The Board is satisfied that there were eight employees of the respondent in the unit described above on September 12, 1986, and that more than fifty-five per cent of them, at the time the application was made, were members of the applicant on July 12, 1985, the terminal date fixed for this application and the date which the Board determines, under section 103(2)(j) of the Labour Relations Act, to be the time for the purpose of ascertaining membership under section 7(1) of the said Act.
A timely statement in opposition to the application ("a petition") has been filed with the Board, however. For reasons given orally in the hearing, the Board finds that the petition expresses the voluntary wishes of those persons who signed it. The petition contains the signatures of a sufficient number of the employees for whom the applicant trade union has filed documentary evidence of membership, to raise doubt whether it continues to enjoy the support of enough of the persons who are its members, within the meaning of section 1(1)(l) of the Act, to be certified by the Board without need for a representation vote. Accordingly, the Board will exercise its discretion under section 7(2) of the Act to direct that a representation vote be taken.

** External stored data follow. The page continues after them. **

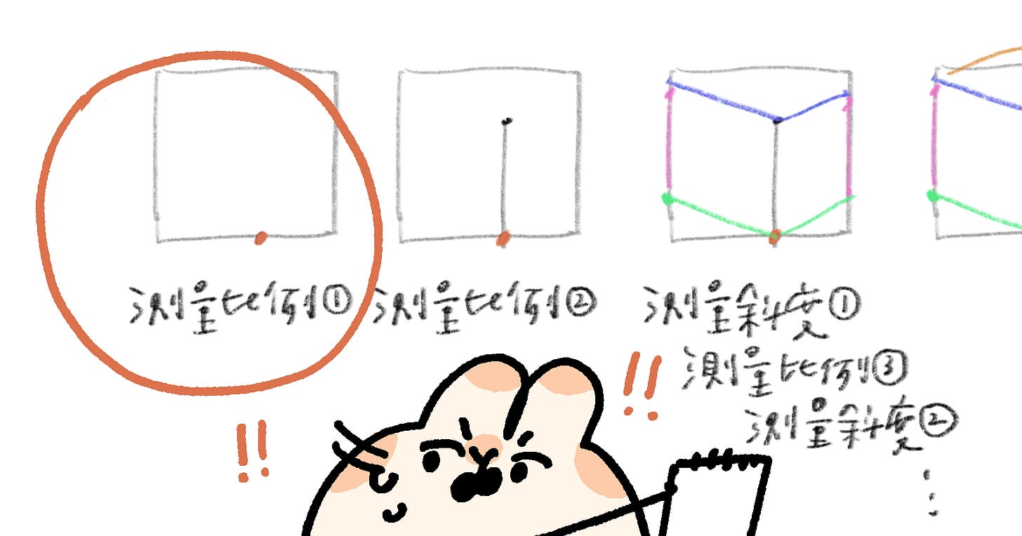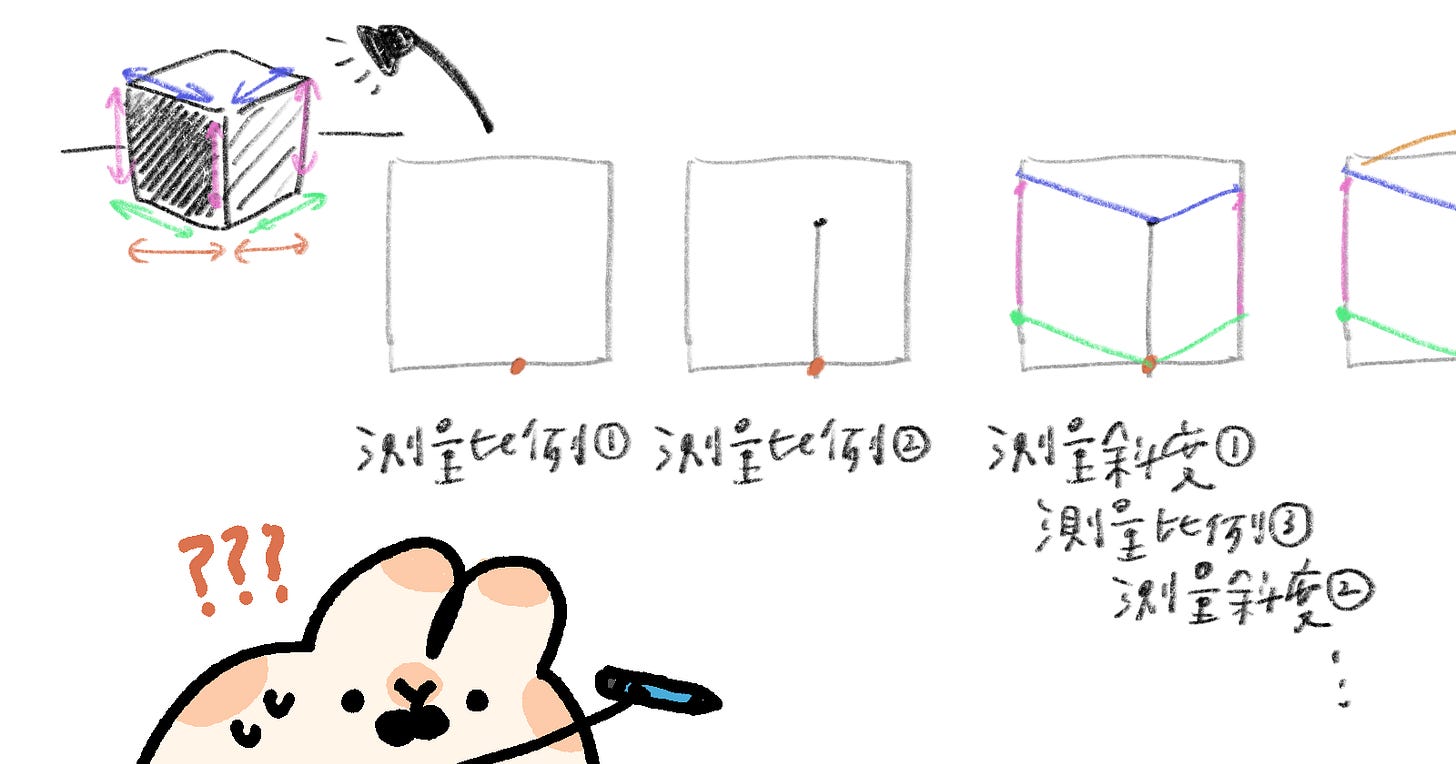 最有趣的是,其實最開始這個量壞的比例,偏差並沒有想像中巨大。正是因為它小小的,一開始畫起來才會覺得「好像沒問題喔!」,然後每一次下筆,又多累積了一點點偏差,最後走了很遠、想起要檢查的時候,正方體已經變成長方體了。
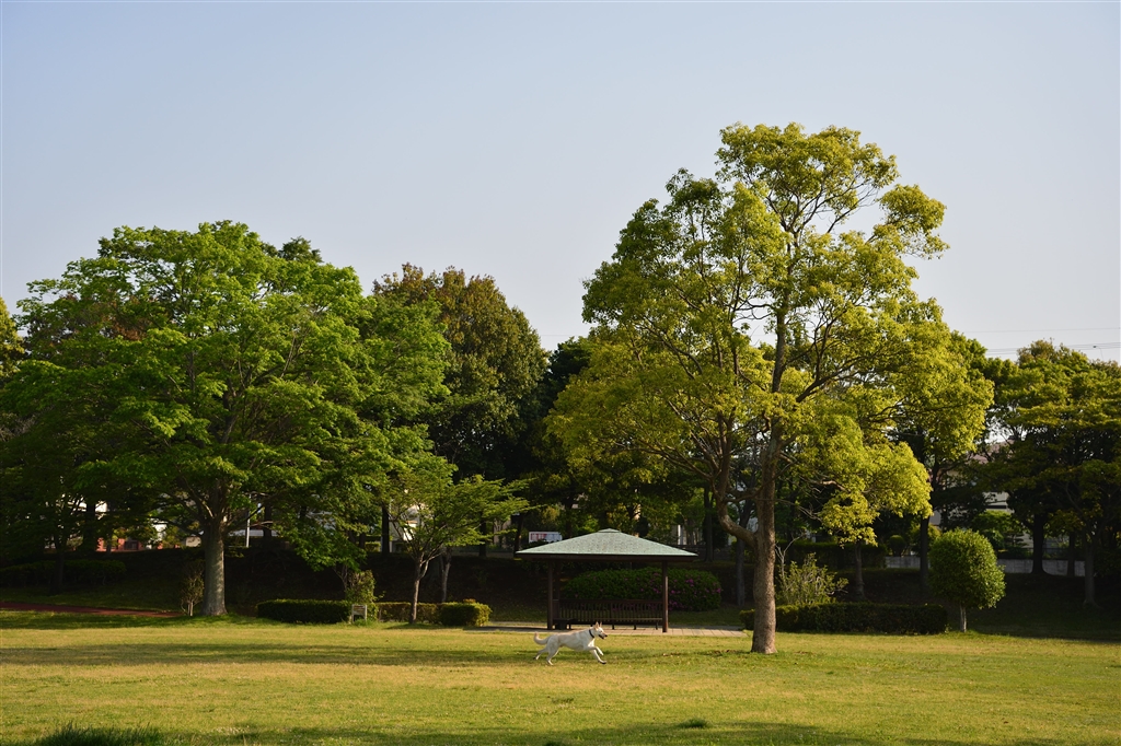 @新緑の中 ワンちゃんの朝散歩
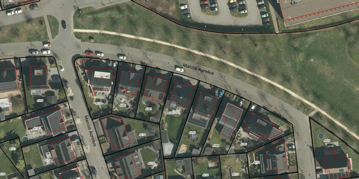 Het perceel waarop Marcus Aurelius 47 staat heeft een oppervlakte van 608 m². Dit is een groot perceel. De perceeloppervlakte wordt geregistreerd door het Kadaster. Gedetailleerde informatie over de maten van dit perceel kunt u vinden in het rapport Kadastrale kaart met maatvoering van Marcus Aurelius 47.
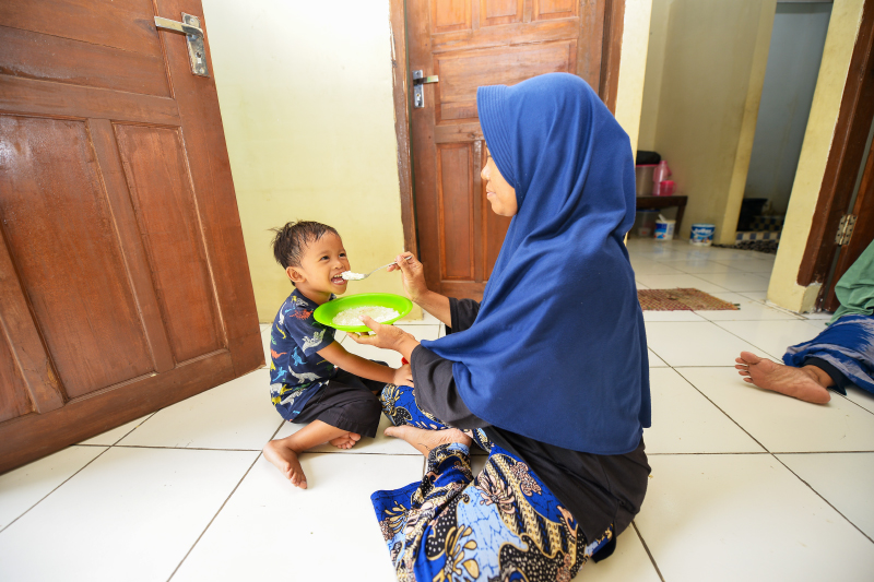 Siti Melani menyuapi makan salah satu anaknya. Kini, setelah rumahnya direnovasi oleh Tzu Chi Indonesia dan ASG keluarga ini dapat tersenyum bahagia saat melakukan aktivitas di rumah.
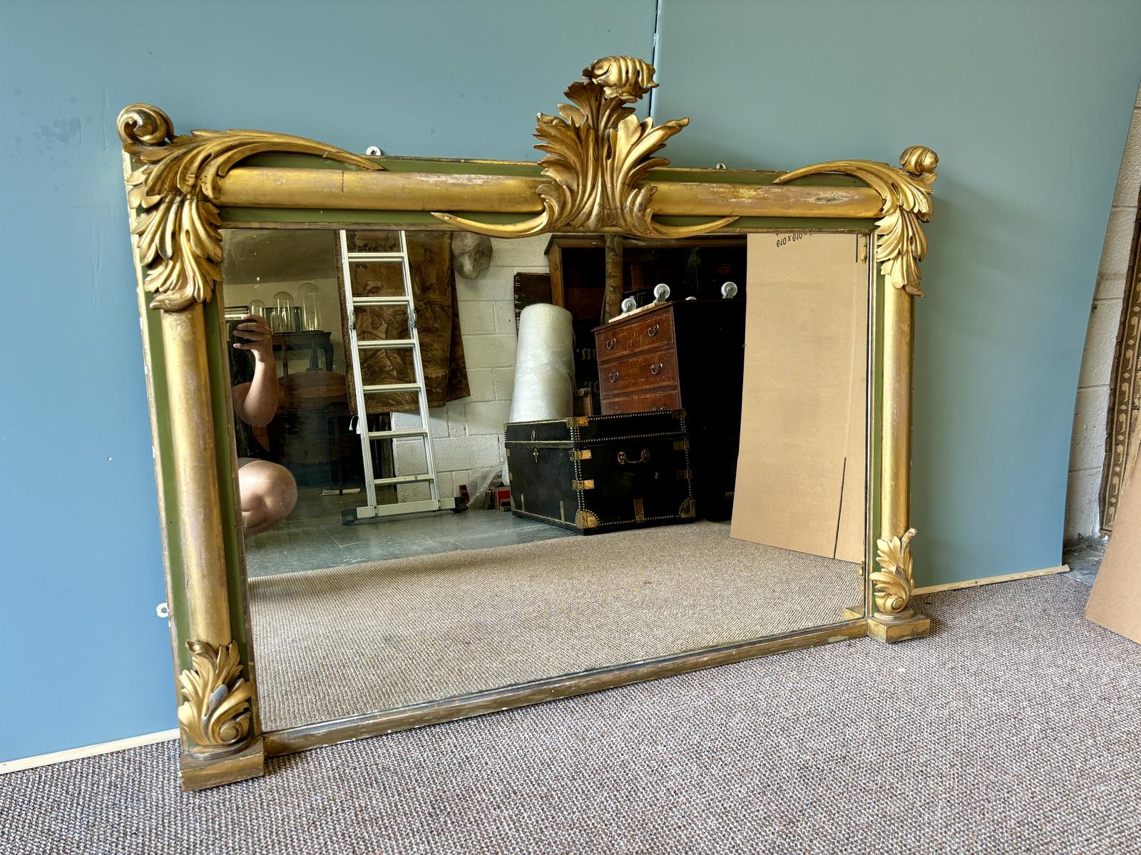 Stunning Large English 19th Century Green & Gilt Overmantle Mirror
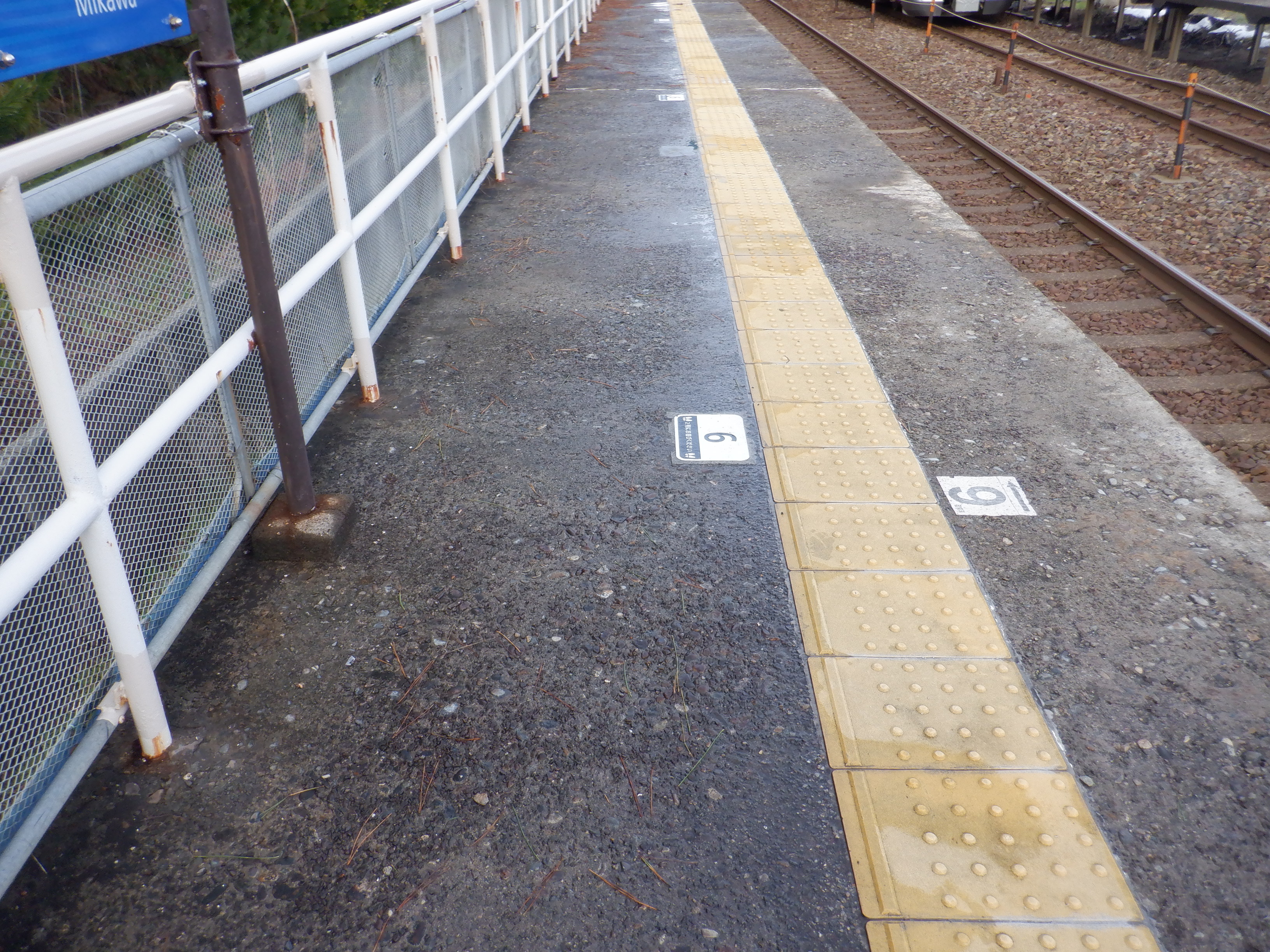 2番のりば能美根上駅側の乗車位置案内6と6両編成最後尾。
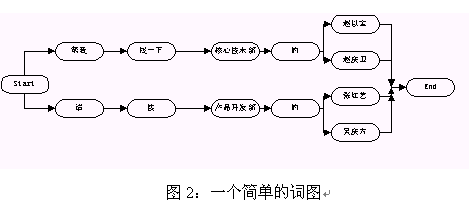 在語音識別中,語言模型是用來指導(dǎo)引擎進(jìn)行語音識別的,它限定了一個識別引擎所能表達(dá)的語句類型。在我們常用的圖搜索引擎中,語言模型是通過語法來表示的,語法是由一系列表示某個領(lǐng)域的語言表達(dá)方式的規(guī)則組成的(語法的具體書寫規(guī)則見引擎使用說明書)。這些規(guī)則會被被轉(zhuǎn)換成詞圖的形式然后用來指導(dǎo)語音的識別。所謂的詞圖是指由詞作為節(jié)點(diǎn)的一個圖,從該圖的開始節(jié)點(diǎn)到末尾節(jié)點(diǎn)的任一條路徑都是一個有效合法的句子。圖2給出了一個簡單的詞圖。
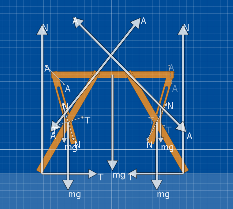 也就是说,一部分桌腿的趋势使得钢筋向左位移,一部分使得钢筋向右位移。钢筋是固定在支撑腿上的,如果要靠重力使得那部分开合角>90度的桌腿开合角变小,需要使得开合角<90度的桌腿上的切向力在开合角>90度桌腿上再次分解后的切向力大于直接由支持力分解出来的切向力。这...不嫌麻烦的话,可以算算,总之一般的结论是只要一部分桌腿在打开到最大的时候开合角能够>90度,这个桌子就是很稳定的,而且桌面上的压力越大,桌子会越稳。
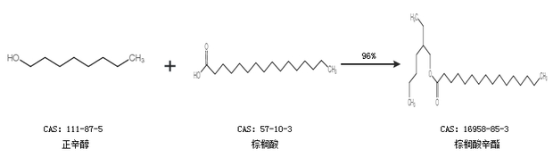 1.通过正辛醇和棕榈酸合成棕榈酸辛酯,收率约96%;
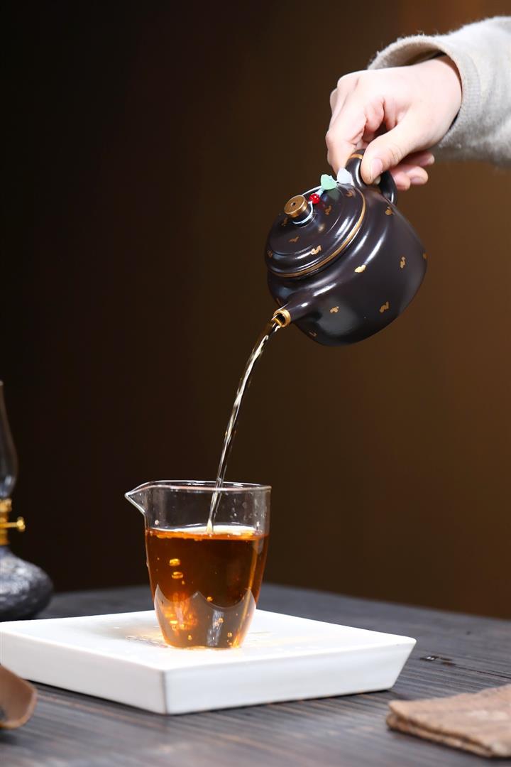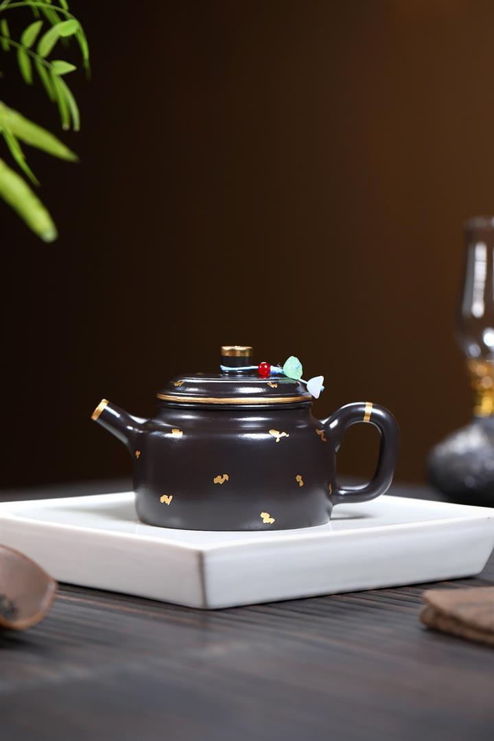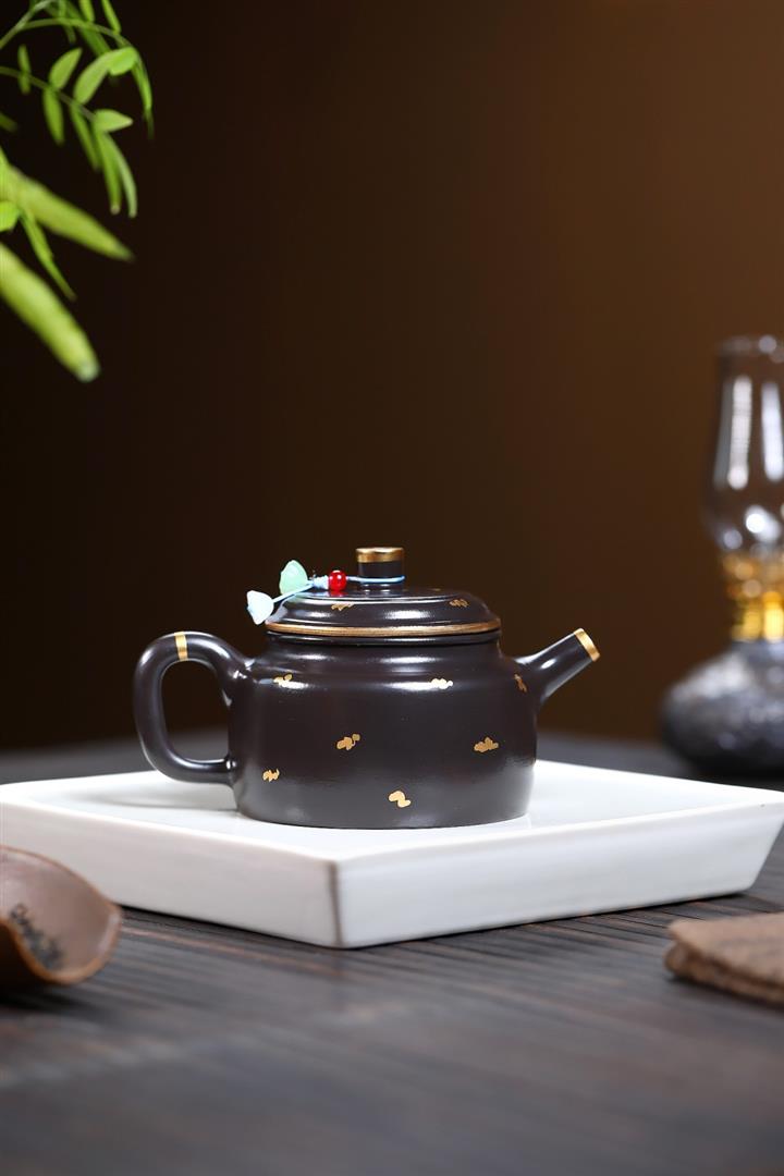 175cc原礦朱泥大紅袍灑金小潘壺泡茶壺POT9390
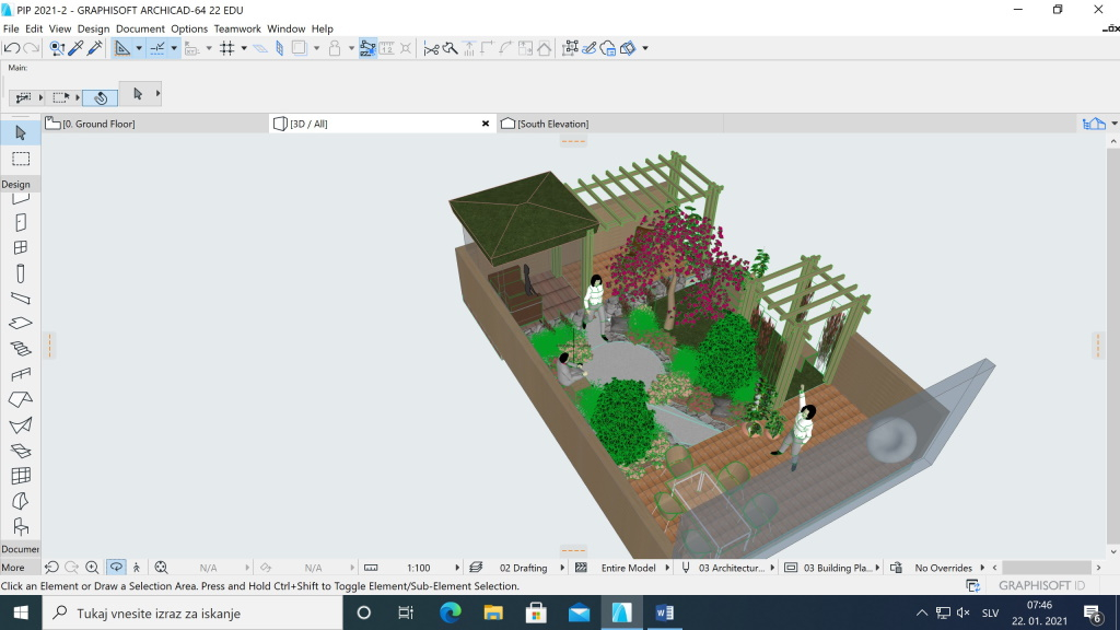 Pri laboratorijskih vajah je poudarek na načrtovanju in izbiri ustreznih rastlin za določene zelene površine (risanje načrtov).

Accordingly, a representation vote will be taken of the employees of the respondent in the bargaining unit. All employees of the respondent in the bargaining unit on the date hereof who do not voluntarily terminate their employment or who are not discharged for cause between the date hereof and the date the vote is taken will be eligible to vote.
Voters will be asked to indicate whether they wish to be represented by the applicant in their employment relations with the respondent.
The matter is referred to the Registrar.